The contents of Cr were higher in the roots of B. juncea, T. aestivum and H. vulgare than in the aerial parts (i.e., stem, leaves and fruits), indicating that the roots act as barrier for translocation and protect the edible parts from toxic contamination [2]. Deprived translocation of Cr to the shoots and leaves could be due to the sequesterization of most of the Cr in the vacuoles of the root cells to render it non-toxic, which may be a natural protective response of this plant [23]. It must be noted that Cr is a toxic and non-essential element to plants and hence the plants may not possess any specific mechanism to transport the Cr [18,34]. The content of Cd, Cr, Cu, Fe, Mn, Pb and Zn were less in the fruits of B. juncea, T. aestivum and H. vulgare and it is likely due to increases in cation-exchange capacity of the soil, which will decrease the uptake of Cd, Cr, Cu, Fe, Mn, Pb and Zn into B. juncea, T. aestivum and H. vulgare plants.
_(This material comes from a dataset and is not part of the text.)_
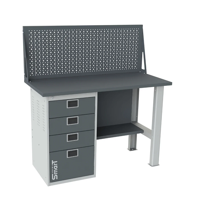 В комплектацию верстака входит: столешница 1280 SMART, полка/стенка 625 SMART, тумба SMART 4, опора SMART, один перфорированный экран SMART. Столешница выполнена из фанеры 27 мм со стальной окрашенной накладкой 1,2 мм. Опора сварная выполненная с применением высокоточного сварочного оборудования. Имеет нижнюю перекладину для усиления устойчивости конструкции. Размер опоры (ВхШхГ): 835х500х135 мм. Тумба SMART-4 комплектуется 4 выдвижными ящиками. Выдвижные ящики оборудованы телескопической системой полного выдвижения ящиков с фиксацией в закрытом состоянии (50000 циклов). Все ящики закрываются центральным ключевым замком. Секретность замка 2000 комбинаций (2 ключа в комплекте). Перфорированный экран SMART имеет универсальную перфорацию (квадрат 10 мм c шагом 38х38 мм и круг 7 мм с шагом 25х38 мм) для размещения различного типа крючков и держателей инструмента. Цвет верстака: опора, корпус тумбы - серый Ral 7035, столешница, полка/стенка, лицевая панель тумбы - графит Ral 7016. Поставляется в разобранном виде.

Therefore, among B. juncea, T. aestivum and H. vulgare, B. juncea was found most efficient compared to T. aestivum and H. vulgare to translocate and tolerate the metals contents after irrigation with glass industry effluent. Although the contents of Cr, Cu, Mn and Zn except Cd in B. juncea, T. aestivum and H. vulgare was noted below the permissible limit of FAO/WHO standards for Cd (0.20 mg Kg-1), Cr (2.30 mg Kg-1), Cu (40.00 mg Kg-1) and Zn (60.00 mg Kg-1) [27]. But long-term application of glass industry effluent in the cultivation of B. juncea, T. aestivum and H. vulgare would carry a risk of progressive accumulation of these heavy metals to toxic levels. The findings are in agreement with Chandra et al. [30] who reported the higher content of heavy metals in wheat (Triticum aestivum L.) and Indian mustard (Brassica campestris L.) irrigated with distillery and tannery effluents.
Conclusion
This study concluded that glass industry effluent irrigation significantly (P<0.05/P0.01) changed the soil properties specially increased the contents of different heavy metals viz., Cd, Cr, Cu, Fe, Mn, Pb and Zn in the soil and further in B. juncea, T. aestivum and H. vulgare. The accumulation and translocation of heavy metals were found to be plant part specific and varied from species to species and it is likely due to the uptake efficiency and tolerance capability of different species. The most accumulation of Cd, Cr, Cu, Fe, Mn, Pb and Zn were recorded in B. juncea while the least was in T. aestivum. The contents of Cr, Cu, Mn and Zn except Cd in B. juncea, T. aestivum and H. vulgare was noted below the permissible limit of FAO/WHO standards but continuous use of glass industry effluent of these crops would increase these metals in these crop plants. Therefore, care should be taken before the use of glass industry effluent in the cultivation of agricultural crops like B. juncea, T. aestivum and H. vulgare crops. Further studies are required on the use of glass industry effluent in the cultivation of different agricultural crops and their health effects after consumption.